Multicenter, randomized, double-blinded, placebo-controlled clinical trial is focused on novel treatments for non-alcoholic fatty liver disease (NAFLD), the most common cause of chronic liver disease. The primary objective of the study is to determine the clinical efficacy and safety of Vitamin E \[(all-rac)-α-tocopheryl acetate\] and Omega-3 fatty acid (DHA EE) compared to placebo on reducing liver fat content in participants with NAFLD. There is currently no approved drug treatment for NAFLD or NASH. While several new targets are being evaluated, they are not sufficiently powered to provide definitive data. There is, therefore, a need for well-designed, appropriately powered efficacy (phase 2) trials to define the utility of newer therapies for NAFLD. The combination of Vitamin E and DHA may provide optimal benefit for patients with NAFLD due to their associated mechanisms of action, namely Vitamin E's antioxidant action, preventing lipid oxidation of long-chain fatty acids such as DHA and thus preventing the propagation of free radicals and ROS.

Conditions

  • Non-Alcoholic Fatty Liver Disease
  • Non-Alcoholic Fatty Liver
  • Non-Alcoholic Steatohepatitis

Interventions

DIETARY_SUPPLEMENT

Vitamin E [(all-rac)-α-tocopheryl acetate]
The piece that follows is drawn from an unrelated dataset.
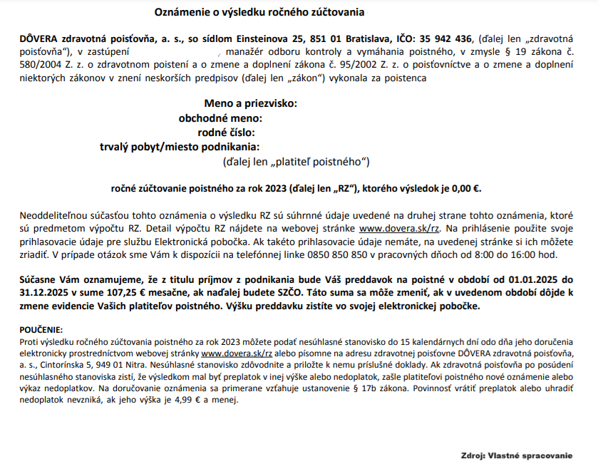 Vyššie uvedené oznámenie je z poisťovne Dôvera, ktorá poistencov o vykonaní svojej povinnosti informovala esemeskou, zúčtovanie bolo doručené prostredníctvom aplikácie. Okrem podpísaného dokumentu v nej však nájdete aj oveľa podrobnejší výpočet – Detail výpočtu.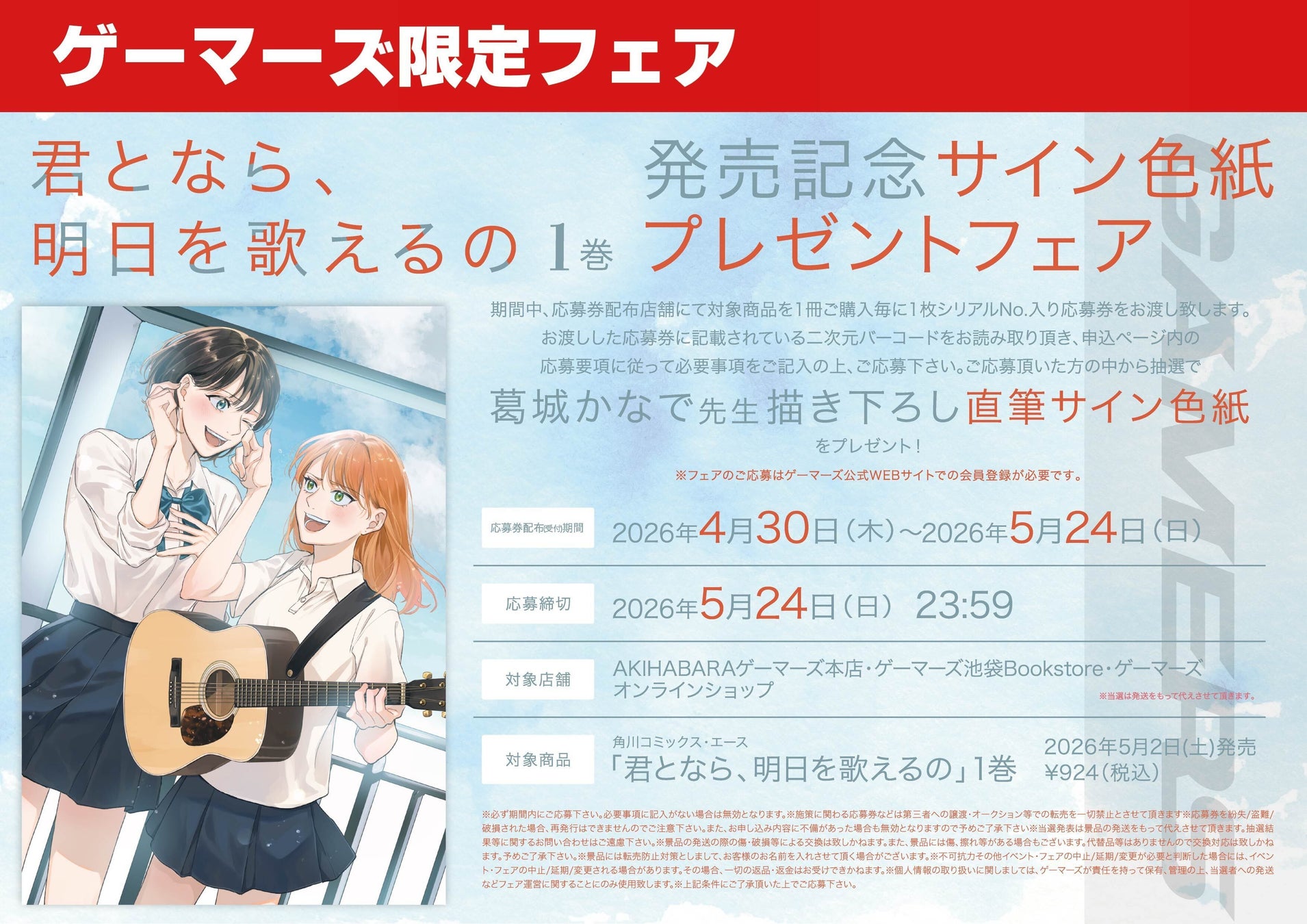株式会社KADOKAWA(本社:東京都千代田区、取締役 代表執行役社長 CEO:夏野剛)は、『君となら、明日を歌えるの』(著:葛城かなで)第1巻を2026年5月2日(土)に発売いたします。

Vitamin E (1000 mg) once daily for 6 months (1 capsule) and matching placebos (2 matched capsules) for 6 months

DIETARY_SUPPLEMENT

Omega-3 fatty acid (DHA EE)

DHA EE (1.89 g) once daily for 6 months (2 capsules) and matching placebo for DHA EE (1 matched capsule for 6 months)

COMBINATION_PRODUCT

Omega-3 fatty acid (DHA EE) & Vitamin E [(all-rac)-α-tocopheryl acetate]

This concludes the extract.